Полицейский протолкался вперед. Девчата покорно тронулись за ним. Тарас оказался рядом с крепышом во френче, бросившим на него неприязненно испытующий взгляд. Позади них, переступая длинными ногами через узлы, двигался ефрейтор. «Неужели все еще действует приказ задерживать тех, кто имеет отпускные свидетельства по болезни, помеченные июлем прошлого года? — тоскливо думал Тарас. — Немцы… От них всего можно ожидать. Если так, значит, суд, штрафной лагерь и — хана. Сперва будешь вкалывать во славу Адольфа, а кончатся силы, пойдешь дымом через трубу крематория прямо на небо, к господу богу в рай без пересадки».

Полутемный маленький вагон, сохранившийся, видимо, со времен Франца-Иосифа, оборудованный только нижними сиденьями, был забит пассажирами.
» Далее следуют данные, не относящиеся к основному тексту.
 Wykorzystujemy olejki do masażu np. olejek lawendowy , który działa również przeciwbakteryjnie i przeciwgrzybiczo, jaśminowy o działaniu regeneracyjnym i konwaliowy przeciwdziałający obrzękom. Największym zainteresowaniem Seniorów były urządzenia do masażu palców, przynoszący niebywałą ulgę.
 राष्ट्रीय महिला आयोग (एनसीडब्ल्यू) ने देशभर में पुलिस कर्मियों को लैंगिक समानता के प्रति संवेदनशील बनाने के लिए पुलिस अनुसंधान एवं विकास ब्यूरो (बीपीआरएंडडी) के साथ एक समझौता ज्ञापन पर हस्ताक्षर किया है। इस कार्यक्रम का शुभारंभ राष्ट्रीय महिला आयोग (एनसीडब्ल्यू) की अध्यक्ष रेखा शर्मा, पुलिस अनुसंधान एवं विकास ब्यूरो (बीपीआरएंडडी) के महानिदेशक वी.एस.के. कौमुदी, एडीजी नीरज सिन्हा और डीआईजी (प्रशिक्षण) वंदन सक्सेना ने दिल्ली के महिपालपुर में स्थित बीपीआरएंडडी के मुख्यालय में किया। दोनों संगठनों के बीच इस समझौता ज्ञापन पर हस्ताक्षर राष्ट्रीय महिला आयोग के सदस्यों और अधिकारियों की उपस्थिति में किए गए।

Большинство составляли пожилые крестьянки, в коротких суконных или стеганых безрукавках, и лишь кое-где среди белых платочков темнела мужская голова в ветхой, пропотевшей фетровой шляпе, из-под обвисших полей которой выглядывало усатое морщинистое лицо. Весь этот крестьянский люд возвращался из города: немецкие власти разрешали продавать на базарах некоторые овощи, зелень, ягоды и грибы Конечно, такой товар для многих служил лишь прикрытием для более серьезных сделок. В городах процветала меновая торговля. За тайком привезенный кусок сала, курицу, мешочек муки или крупы можно было добыть ценные вещи.

Пробиравшийся вперед полицай точно нюхом учуял что-то, нагнулся, раздвинул узлы и корзины, посветил фонариком под скамью.

— Вылазь!

— Йой! Да это же мой внук! — завопила сидевшая с краю на скамье старая женщина. — Пане полициант, да ведь это малый хлопчина совсем, ему и пятнадцати нет. Боже мой, боже!

— Вылазь! Слышишь?

Из-под скамьи с трудом вылез узкоплечий хлопец лет семнадцати. Вид у него был сконфуженный, жалкий. Бабы в вагоне загалдели. Они начали хором льстить полицаю, уверять, что хлопец выгнался не по годам, что он не прятался, а залез под скамью, чтобы поспать. Полицай покосился на немца и крикнул расшумевшимся женщинам:

— А ну, тихо мне! Скажите спасибо, что я ваши шмутки не проверяю. Знаете, что за спекуляцию? А ты, хлопче, иди за мной.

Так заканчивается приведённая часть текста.